REDCap2 is used to capture behavioral and clinical assessments, including harmonized common data elements (CDEs) and self-report surveys (Harris et al., 2009). The CAMH instance of REDCap was validated in collaboration with the internal research ethics board (REB) and IT Security teams, to enable usage in regulated clinical trials in compliance with Health Canada.

XNAT3 (adapted as SPReD4) is used to store and organize medical imaging data, including MRI, CT/PET and EEG. MRI data are stored in both their original DICOM and derived formats, including NiFTI, MINC and ANALYZE, automatically generated through pre-processing pipelines.

LabKey5 is used for the coordination and storage of biological specimens and molecular data, including genetics, epigenetics and proteomics. This system supports both raw data storage and direct tabularization of results.

The databases support both original source data, derived values (e.g., quality assessments and final results) and pre-processed datasets (e.g., artifact correction).

All subject data are collected with informed consent, under a study-specific REB protocol. Authentication has been harmonized through the hospital-wide active directory system and within each sub-system, rights are limited depending on user-role to maintain security and to separate projects based on REB study protocol. All changes to user access require submission of an auditable electronic form, which requires principle investigator sign-off. This extends to visualization dashboards and individual table access for analytics (Clinical data access has additional constraints, described in the section specific to clinical record data).

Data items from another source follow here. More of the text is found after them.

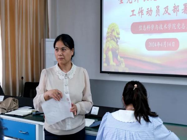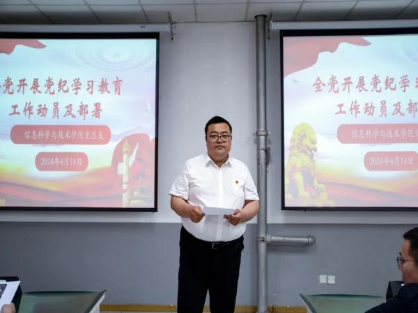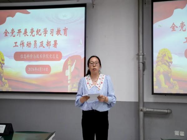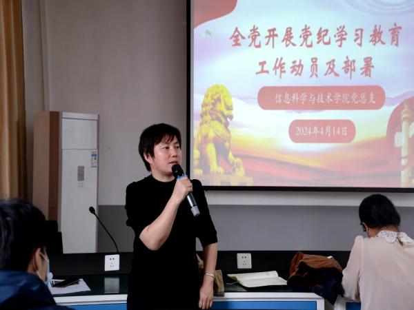 本网讯(信息科学与技术学院)4月14日下午,信息科学与技术学院党总支在A310组织召开党纪学习教育安排部署会,传达学习习近平总书记关于加强党的纪律教育的重要论述,认真贯彻落实党的建设领导小组会议精神,研究部署院党纪学习教育工作。信息科学与技术学院党总支书记朱雷主持会议并讲话,信息科学与技术学院院长李丽芬,副院长云彩霞,党总支副书记刘伟以及全体教职工参加会议。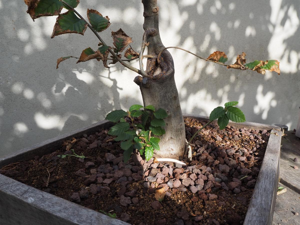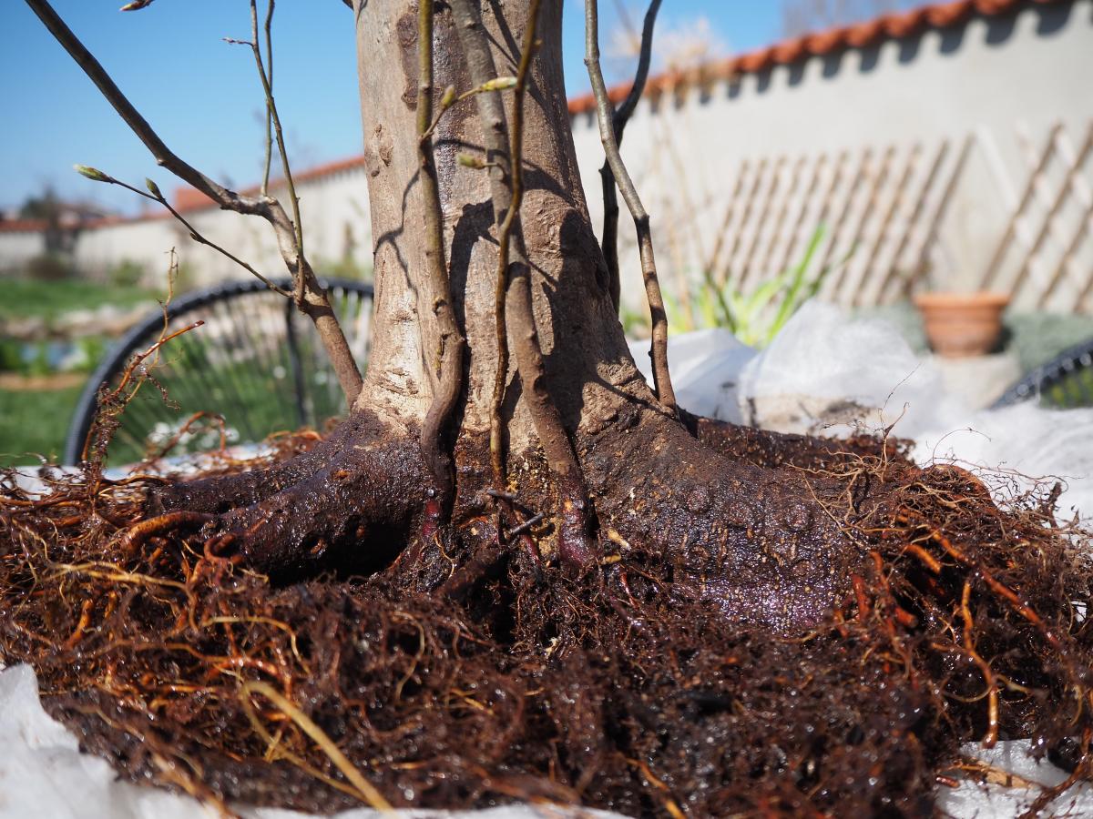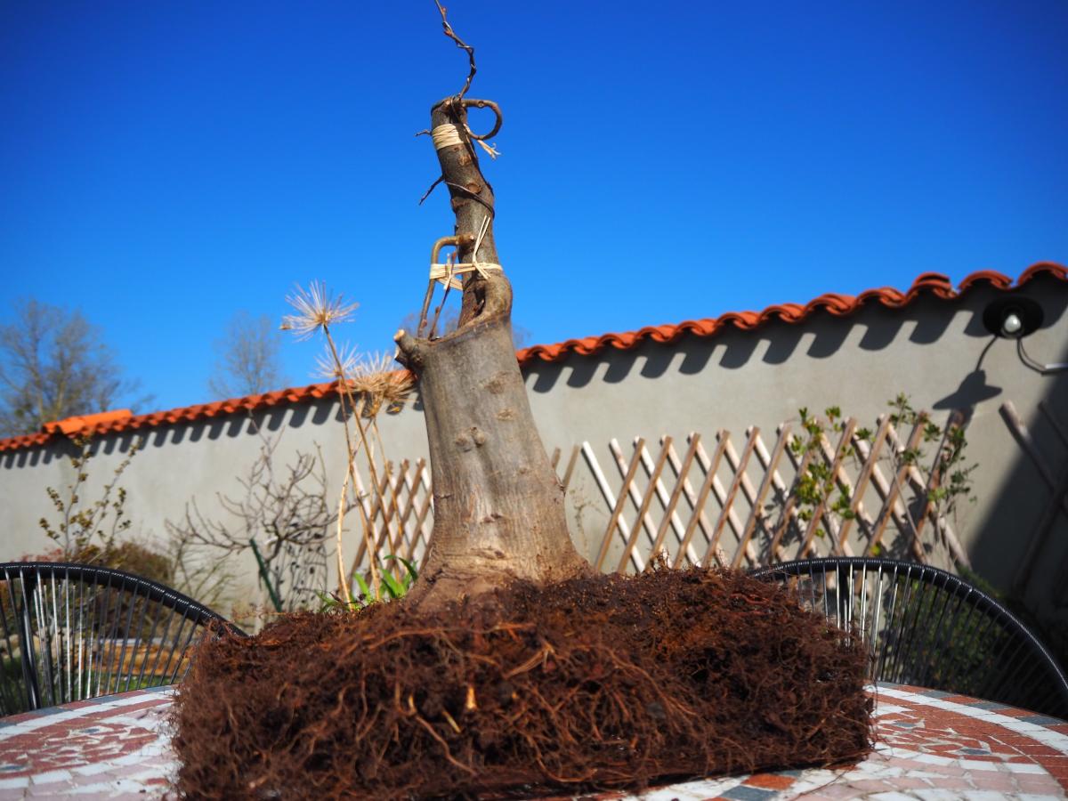 Au niveau du rempotage, j’avais greffé 6 ou 7 jeunes plants au nebari pour apporter de la racine et faire grossir la base.
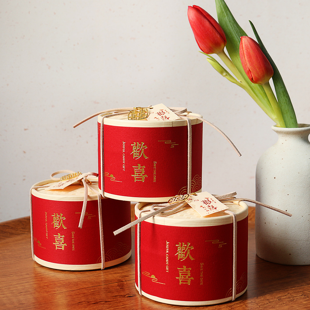 중국 스타일 사탕 상자 기선 사탕 빈 상자 김이 둥근 선물 상자 모조 나무 결혼 선물 상자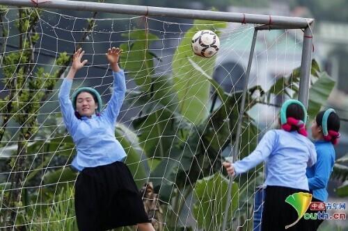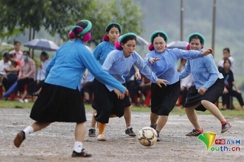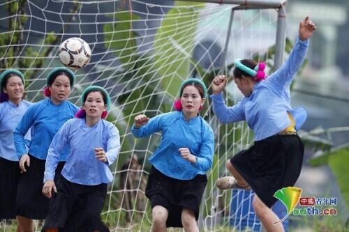 当地时间2021年4月25日,越南广宁省,身穿传统服装的San Chi族女子在足球比赛中玩耍,这是越南节日Soong Co节的一部分。这场比赛吸引了数百名观众。所有14名球员都身着传统服装,身穿蓝色长袖衬衫、黑色短裙,头戴发带。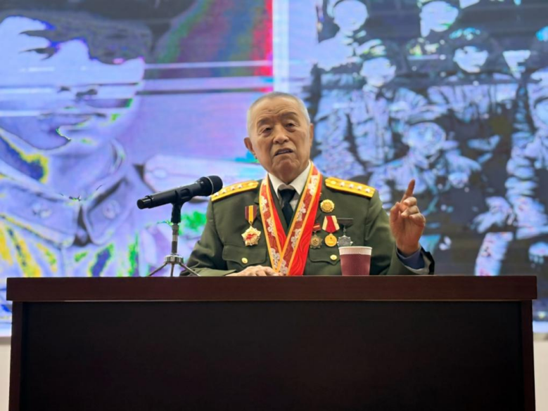 师生代表抵达济南干休所后,首先向展先勇同志致以诚挚问候。作为本次主题教育的核心环节,展先勇同志以自身抗战经历为蓝本,为师生们讲授了一堂鲜活生动的红色主题教育课。展先勇同志深情回顾了烽火连天的抗战岁月,生动讲述了极端艰苦条件下,中国军民同仇敌忾、不畏强暴、血战到底,以生命捍卫国家主权与民族尊严的悲壮历程。一个个真实可感的战斗故事、一幕幕刻骨铭心的历史细节,将师生们带入救亡图存的艰难年代,让大家在沉浸式聆听中深刻感悟和平生活的来之不易,更直观体会到革命先辈的家国情怀与责任担当。展先勇同志特别强调,铭记历史不是延续仇恨,而是要从历史中汲取奋进力量,希望青年一代以史为鉴、珍视和平,将爱国热情转化为担当时代使命的实际行动。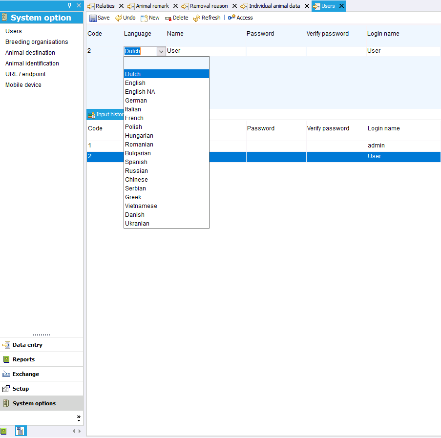 PigExpert is available in multiple languages. Users are set up to see the database in their preferred language, but it is possible to change the language settings if desired.
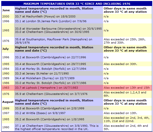 During the hot summer of 1983, Liphook hit the headlines as the hottest spot in the United Kingdom, but some of the temperature readings were claimed to be unnaturally high and are not universally accepted. [However, we were listed at the end of this web page "www.metoffice.com/climate/uk/interesting/15jul03maxtemps.html" - now removed by Met Office, but an archived copy can still be found at archive.org relevent section reproduced below - editor].
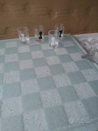 Scacchiera in vetro nuova mai usata ottimo stato con bicchierini come pedine.Per gli altri annunci digitare SPQR.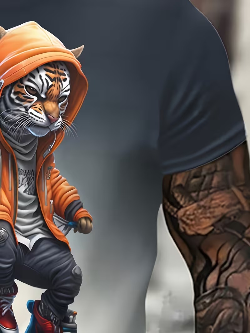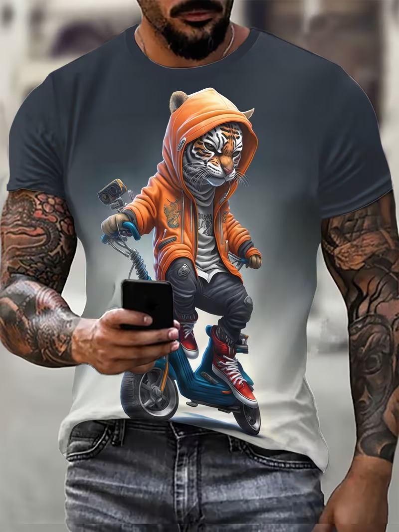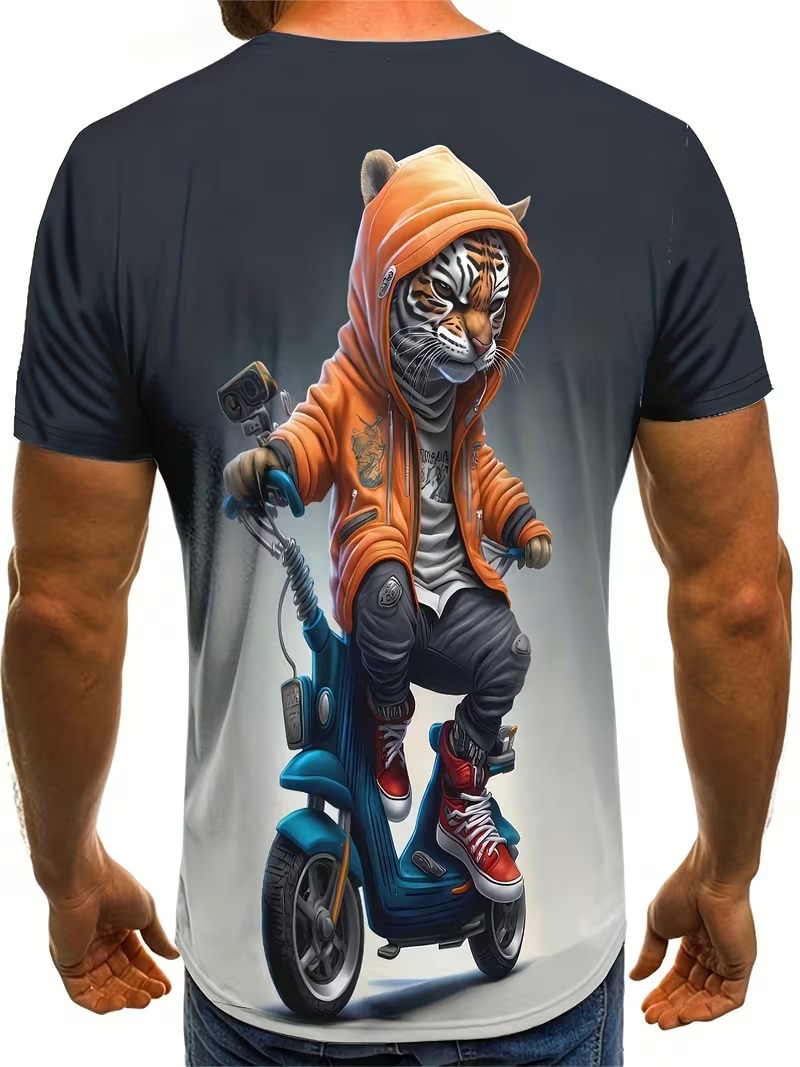 Men's large-sized fashionable t-shirt with 3D cartoon print. Ideal for casual sports wear. Elastic fabric, round neck, short sleeves. Perfect choice for summer. Large size.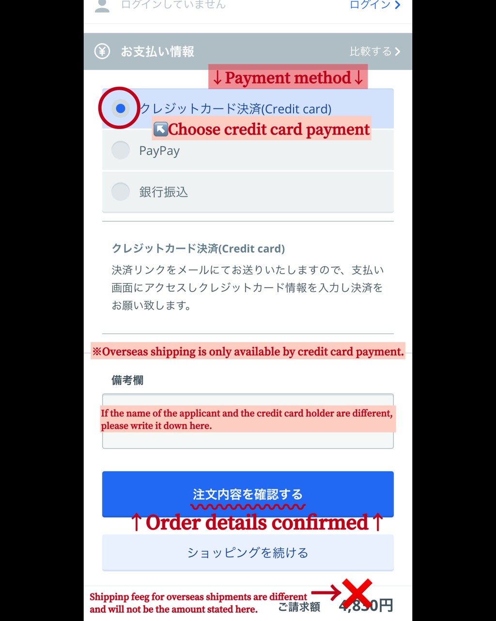 1:Order ¢ª 2:Receive an email confirming the shipping fee ¢ª 3:Credit card payment ¢ª 4:Shipping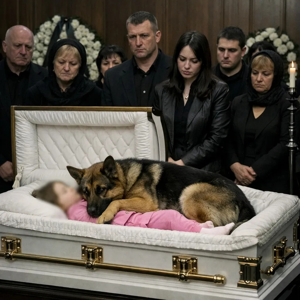 Служебный пес по кличке Буран с пугающей целеустремленностью и решимостью рвался к гробу, вызывая испуганные вздохи среди присутствующих. Одним мощным, плавным прыжком овчарка взлетела вверх и встала прямо на крышку маленького белого гроба. Все тело животного била крупная дрожь, но в его позе читалась абсолютная непреклонность.

In the current phase, external access can be provided to researchers who are named collaborators on the REB study protocol. Access requires confidentiality agreements and a centrally administered institutional account.

Data Federation

Multi-modal datasets are federated using the IBM InfoSphere Federation Server6, which provides a thin, virtual data definition layer that allows seamless communication with data sources. A flexible API backend utilizes this federation capability to provide subject-oriented, de-normalized mart-like data tables, within a DB2 database environment. Data are linked, by unique standardized research participant IDs, across each source system, to generate a subject-level, profile for each individual.

Visualization and Query Interface

Visualization and federated query interfaces are provided through TIBCO Spotfire7. Dynamic dashboards, refreshed daily, provide federated data views across data sources. These data views are served to specific research teams, defined by their study protocols and data requirements.

Dashboards provide visualizations that can be constructed from any data or metadata in the source systems (XNAT, REDCap, LabKey and CERNER). Filters can be applied directly through interactive selection, or a variable-by-variable query interface, to refine cohorts for data export to compute cluster environments or local processing centers.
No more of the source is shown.